◆ Directions for this task ◆
Without including any images, please transcribe all the lines below exactly.

◆ Source material ◆
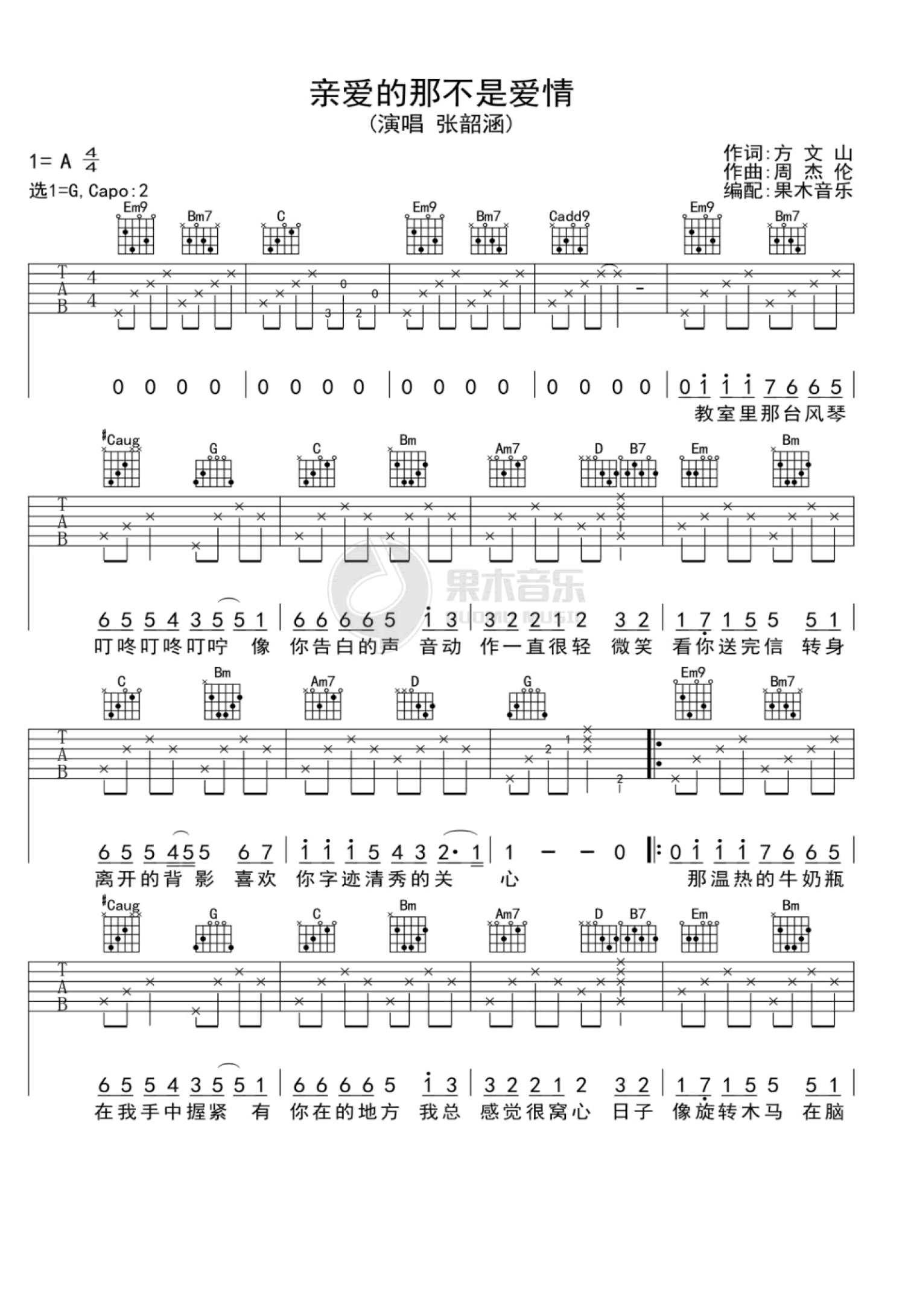 曲谱介绍: 亲爱的那不是爱情吉他谱,张韶涵演唱,一首由周杰伦为张韶涵特地量身打造经典老歌,亲爱的那不是爱情六线谱,原调A,选用G调指法,变调夹夹第二品,车间总是飘来那些听了很多年的歌,然后一发不可收拾地单曲循环,很多时候听的并不是歌,而是对青春岁月的怀念。那种怦然心动,会给你那些时光里不竭的动力。就像现在的我们想起过去的自己。
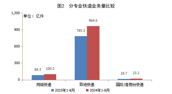 1-8月,同城快遞業(yè)務(wù)量累計(jì)完成100.2億件,同比增長18.9%;異地快遞業(yè)務(wù)量累計(jì)完成964.6億件,同比增長22.8%;國際/港澳臺(tái)快遞業(yè)務(wù)量累計(jì)完成23.2億件,同比增長24.2%。
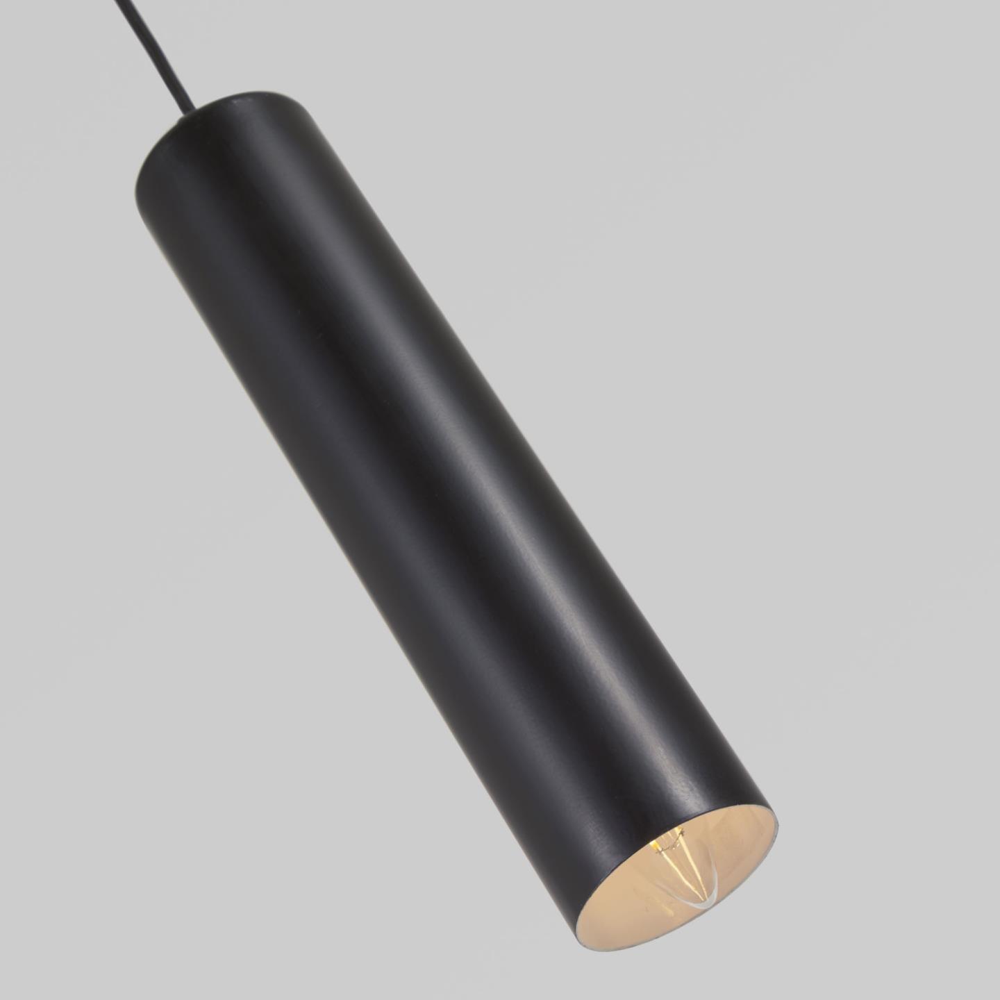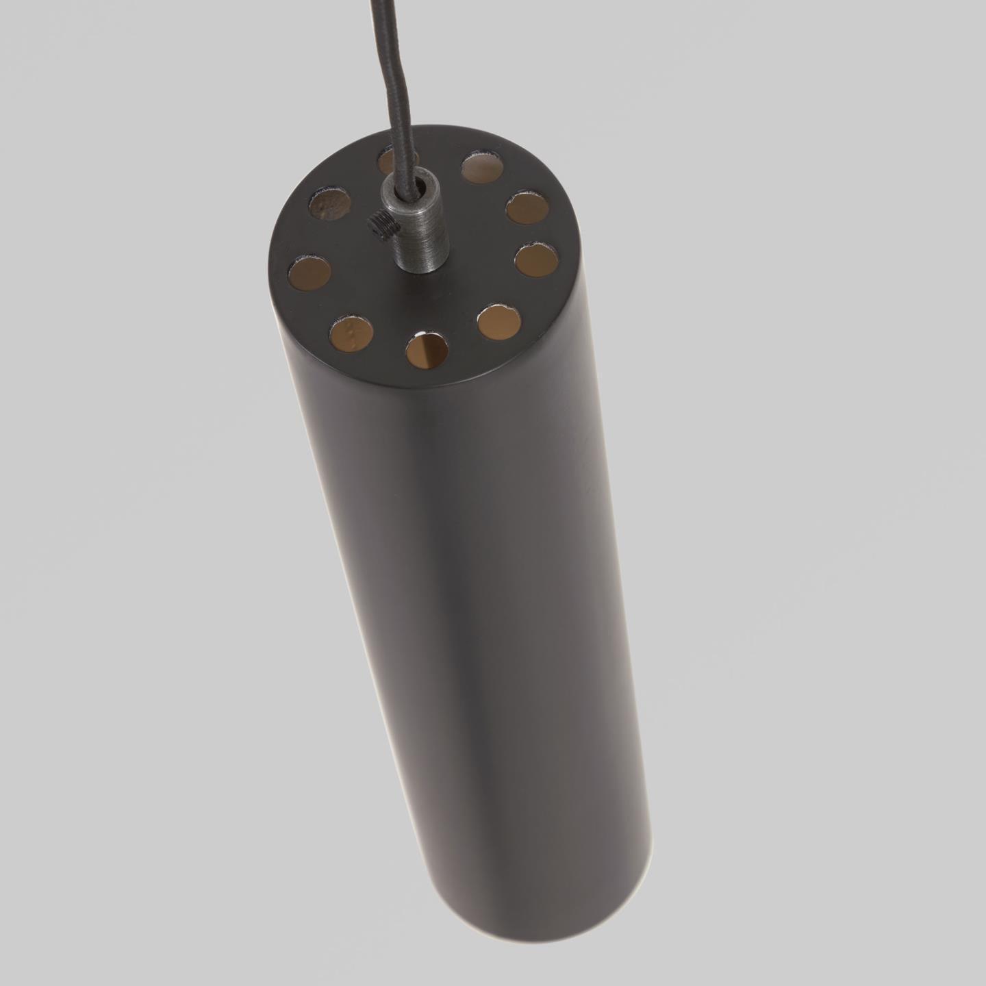 Die Maude -Lampe hat einen zylindrischen Farbton aus zarten Linien und bemalten Metall. Die Glühbirne befindet sich im Lampenschirm, ist aber vor Sehvermögen versteckt. Dieses Element ist geeignet, um den Raum im industriellen und minimalistischen Stil zu beleuchten.

◆ Solution for this task ◆
 曲谱介绍: 亲爱的那不是爱情吉他谱,张韶涵演唱,一首由周杰伦为张韶涵特地量身打造经典老歌,亲爱的那不是爱情六线谱,原调A,选用G调指法,变调夹夹第二品,车间总是飘来那些听了很多年的歌,然后一发不可收拾地单曲循环,很多时候听的并不是歌,而是对青春岁月的怀念。那种怦然心动,会给你那些时光里不竭的动力。就像现在的我们想起过去的自己。
 1-8月,同城快遞業(yè)務(wù)量累計(jì)完成100.2億件,同比增長18.9%;異地快遞業(yè)務(wù)量累計(jì)完成964.6億件,同比增長22.8%;國際/港澳臺(tái)快遞業(yè)務(wù)量累計(jì)完成23.2億件,同比增長24.2%。
 Die Maude -Lampe hat einen zylindrischen Farbton aus zarten Linien und bemalten Metall. Die Glühbirne befindet sich im Lampenschirm, ist aber vor Sehvermögen versteckt. Dieses Element ist geeignet, um den Raum im industriellen und minimalistischen Stil zu beleuchten.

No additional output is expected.